Çok hızlı yürümeniz gereken ama koşamadığınız bir spor disiplinidir. Bir yarışmacının bacakları arasındaki mesafe ve hareket etme hızına ek olarak, ayakları yere değmezse koşuyor kabul edilir. Sokakta yürümek ve yürümek arasındaki zayıf ama önemli farklılıkları gösterir, ilkinde her iki ayağın aynı anda yerden kaldırılabileceğini ve ikincisinde koşmadığını, koşamayacağını veya yürüyemeyeceğini belirtir.
İlk yapılanlardan biri olmasına rağmen pek bilinmeyen bir spordur; Bununla birlikte, sporun bazı taraftarları bir miktar ün kazandılar, bu yüzden spor daha ünlü hale geldi.

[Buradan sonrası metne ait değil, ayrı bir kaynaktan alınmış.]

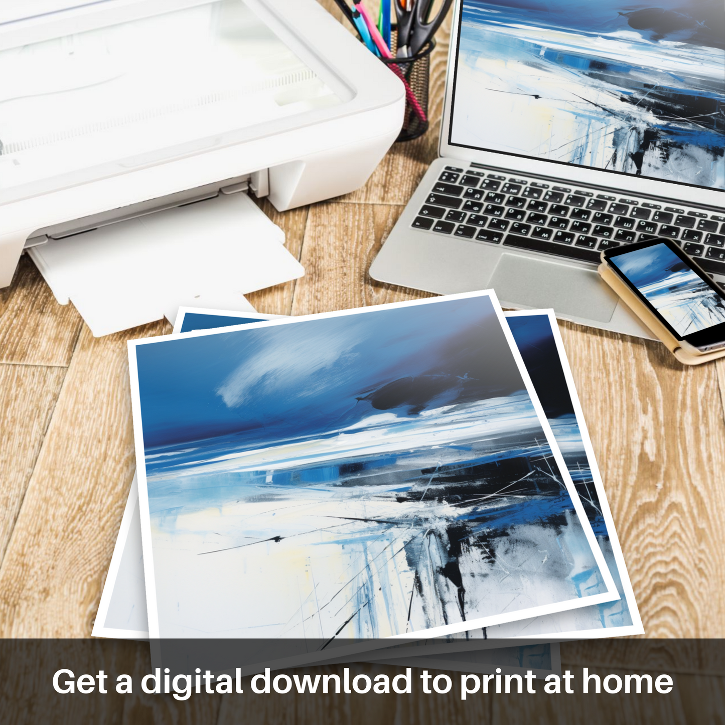 The artwork encapsulates the untamed spirit of Scottish Beaches, mirroring the dynamic dance between land, sea, and sky that characterises the country's beautiful, windswept coastlines. Its abstract nature invites the viewer to delve into their imagination, to hear the roar of the waves and feel the bluster of the wind against their skin.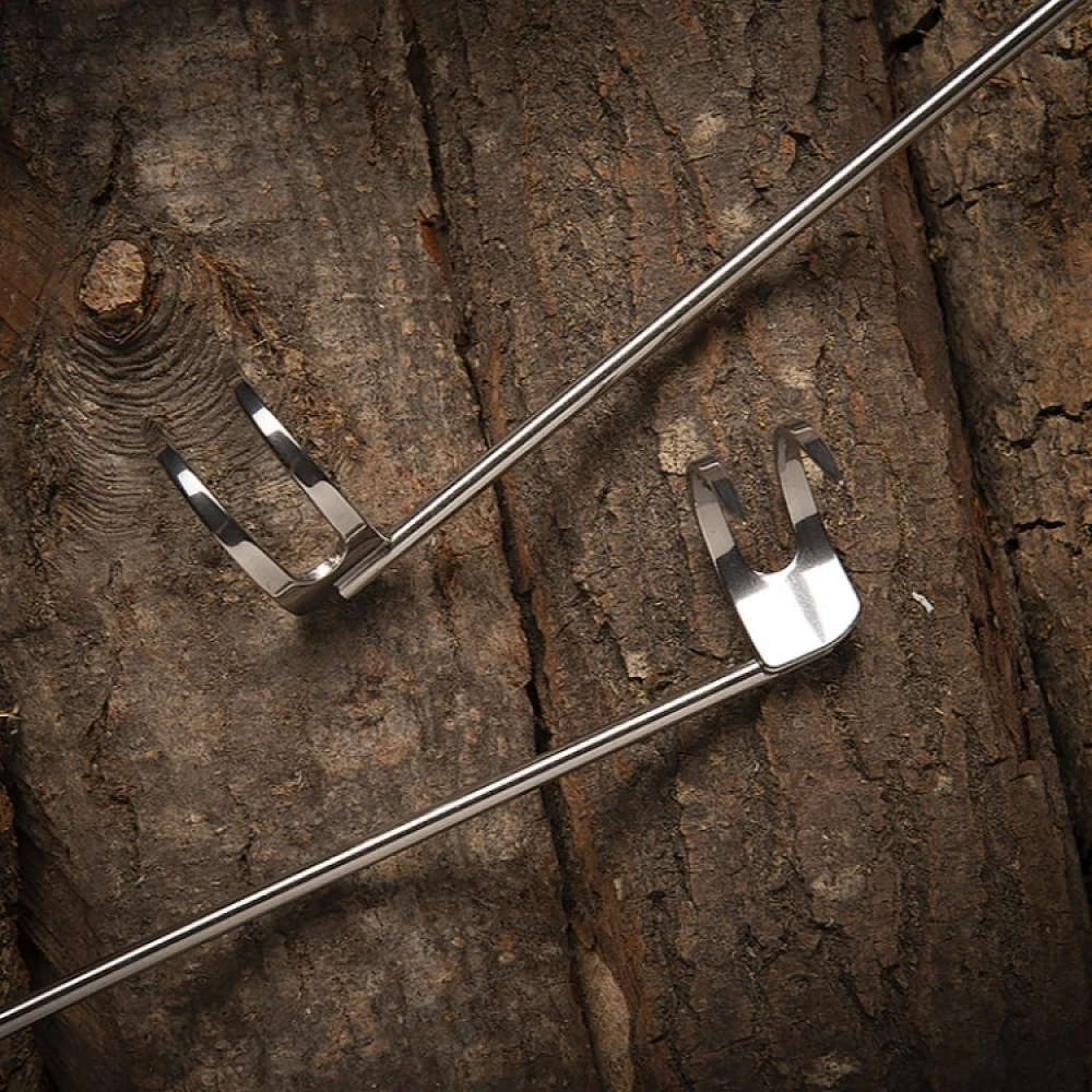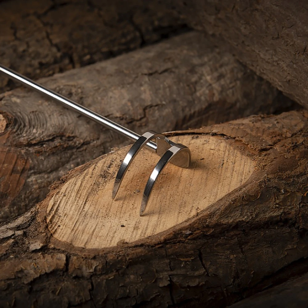 Den svenskutviklede grillpinnen North Hook er et smart grillverktøy, som gjør det enkelt å snu kjøttet og grønnsakene på grillen. Det lange håndtaket holder hendene borte fra den varme gløden, og de skarpe spissene gir et utrolig godt grep når du snur, flytter eller løfter kjøttet oppå serveringsfatet.

18. yüzyılın sonunda, bu sporun uygulaması İngiltere'de popüler hale geldi ve sonraki yüzyıllarda daha da popüler hale geldi. Ancak, atletik yürüyüşün bağımsız ve resmi bir disiplin olarak tanınması ancak yirminci yüzyılda oldu. 1908'de Londra Olimpiyatları sırasında giriş yaptılar ve dünya bu yarışmadan zevk aldı. 1979'da kadınların Atletik Yürüyüş Dünya Kupası sırasında yarışmalara katılmalarına izin verildi.
Altın kural, ilerlerken, her seferinde yalnızca tek bir bacakla yapmak ve yere ilk vurduğunuz andan itibaren düz tutmaktır. En uzun yürüyüşlerden biri, yüzlerce kilometre seyahat ettiğiniz 6 gündür; En çok kazananlardan biri, en az 701.892 km yol kat eden Alan Grassi oldu.